Naming American generations and characterizing them is a fanciful exervise but can yield some points for thought. Here are a few with likely themes.
Great Generation (WW2) – “The world is a mess and it’s everybody else’s fault.”
Boomer Generation (50s & 60s) – “The world is a mess and we could have/should have/would have/almost/ fixed it.”
Generation X, “Me” generation (70s-90s) – “The world is a mess and I’m hunkering down with what’s mine.”
Generation Y, “Millennial” generation (2000s) – “The world is a mess but there are so many cool things going on.”
Today’s millennials (Y generation) often describe themselves as minimalist, though not as art or aesthetics but as an entire lifestyle. The degrees of minimalism vary in kind and consistency, but is largely based on the economic and technological backdrop of 21st century life in developed countries.
Previous generations to that of the last two decades were accustomed to locally-based manufacturing, production, communication, and travel. Millenials no longer see any of this with the dominance of outsourcing, outdated technologies, disappearance of labor replaced by service jobs, and a world as tense and violent as ever.
The dominance of the Internet and social media has dominated and displaced communication technologies. The millennials’ argument for fewer possessions is as much based on increased capacities of modern technologies that at the same time are physically smaller than ever. The multiple functions of a smart phone or tablet displace many previous technologies. The application of new technologies to everything from automobiles to banking to shopping to learning foster the illusion of simplicity even while increasing dependence on larger infrastructure, corporate control, and easier surveillance. But the marketing of consumption continues and grows even while touting a new simplicity in getting rid of objects — or rather miniaturizing them.
Thus millennial limiting of possessions such as books, clothing, and furniture can be lauded when based on values of simplicity, but less so when motivation is ease of replacement via web-based vendors, two-day delivery, easy credit and downloadable access. In this case, minimalism is resistance to the temptation to buy too much because of minimal living space rather than the virtue of abstinence.
In this millennium, many professional jobs have been outsourced in developing coutries, leaving an information and economic gap between professional-level jobs and service jobs that basically “service” the professional classes. The college graduate serving at the coffee shop is a typical example. Such an economy is then bolstered, complemented, or designed to limit labor and benefits of job stability, and stability of residence. Such mobility in jobs and residence used to be the provenance of upwardly-mobile professionals, but in this century it characterizes the millenial with less money and fewer prospects for better work. Hence debt and the hustle to work become full-time concerns, and the aspiration to minimalism a motive that is primarily economic.
Simplicity in the stable (middle) class was and remains an effort to declutter life, closets, and garages from too many attachments, possessions, and gratuitous clingings. The millenial has necessarily passed this stage from sheer economic pressure and technological capacities. The millennial does not have mutiple shoes, multiple coats, and multiple CDs and DVDs because technology and apartment rental (they are either mobile or cannot afford a house — or both) doesn’t make it practical or economical. At least this is a millenial aspiration though doubtless not all share it.

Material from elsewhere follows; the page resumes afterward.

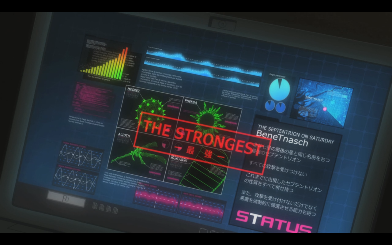 You’ve done it again anime….you’ve done it again. As things are winding down to the finale, our party is put into a fiercely intense battle with the last Septentrione, Benetnasch. Unfortunately for the crew, ace summoner Hibiki is still out of commission thanks to the previous Septentrione battle. Another event to dampen the mood for our heroes is the fact that they all received dead-face clips prior to the battle. Upon facing the turnip-shaped boss, everyone realizes that the thing is OP as hell. Meanwhile, Hibiki continues to sleep and dreams about his past interactions with his parents and Daichi. These scenes took up quite a bit of time and emphasized how important Daichi was to Hibiki as a childhood friend, which was a good thing, as it helped me feel that Daichi wasn’t as useless as a character. Anywho, the battle rages on and Benetnasch uses a cheap ability to temporarily remove all of the demons on the field. Fumi manages to disrupt the ability with her Trumpeter demon, but is spotted by the Septentrione and is subsequently annihilated. The rest of the party then dies one-by-one thanks to a ton of exploding ice cream cones.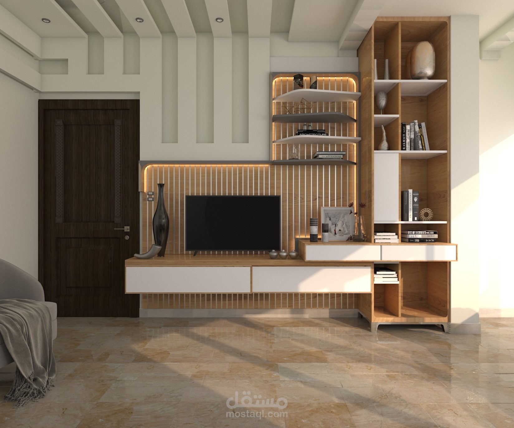 حيث تم تخصيص مكان لشاشة التلفاز وأماكن أخرى لوضع بعض الكتب والتماثيل

Today’s generation may find its way nimbly while an older generation simply adds the new technology to its clutter. The angst of the boomer is surpassed by the gluttony of the “me” middle-agers, and now succeeded by the cautious millennials. May their minimalism resemble neither a Beckett stage nor a Potemkin impoverished village but a reconciliation to the future, which is certainly dim and foreboding, as the millennial knows well — or ought to. The assault on nature and the destruction of sustainability makes simplicity not only a necessity but a strategy, which, hopefully can be reconciled to the deeper and sustaining values that every generation of sages has practiced.